Finding Your Program

“The best teachers are the ones that tell you where to look, but don’t tell you what to see.” — Alexandra K. Trenfor

So you want to make a change. Change your diet, change your body, change…well, you. You found your decision and you’re ready to find your time…but now you need to find your program.
In this article, I’m going to briefly go over specific types of fitness programs on how they affect your body and how it can help you achieve your goal. Spoiler alert, nearly every goal can be achieved through one specific type of training. More on that as we go further.

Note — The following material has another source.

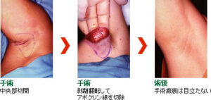 ワキの中央部1ヵ所約3~4cmの切開から皮膚を翻転して直視下にアポクリン汗腺を除去します。
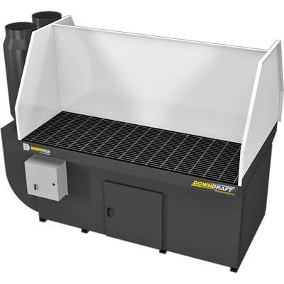 This dual operator, DD 4x6 downdraft table provides hands free capture-at-source, allowing welders and grinders to remove dust and fumes anywhere over the ventilated work surface. Depending upon application, the table can be outfitted with the welding grinding and deburring kit, the plasma cutting kit, the spray painting kit or many other built-to-order configurations. The 4’ X 6’ Downdraft table features a standard 3 phase 7.5HP motor which can be upgraded to 10HP providing adequate suction for a backdraft hood module or a dampered extraction arm installed on the downdraft table. Extraction arms and backdraft hoods allow operators to remove dust and fumes further away from the table surface when working on large parts.

Programming is crucial. Why? With proper programming, you do complementary movements instead of opposing movements. Say for example Push-Pull program that packs a pushing and pulling movement into one workout. By doing one of each you cover more ground and don’t exhaust either movement so your form won’t degrade leading to either injury or over training. Moreover, by using proper programming you also make it easier to track your progress. That’s what we’re here for, after all, progress. If you did whatever you felt like, you would eventually lose track of how much or how heavy. So, what’s the right program?
For some time I did primarily in endurance training. Running specifically. I spent the better part of a year doing nothing but mastering my running form. The infamous forward lean, run with your butt, perfect cadence form. With the advice of some seasoned runners, my Hal Higdon progression program, and my Strava, I wouldn’t have known if I was getting better. The same goes for resistance training.
I’m not going to split hairs here, I’m just going to give you my opinion, you can run with it as you see fit. What I do know from experience, what fitness professionals will mostly tell you, if you are NEW to weight training, DO NOT DO A BRO SPLIT.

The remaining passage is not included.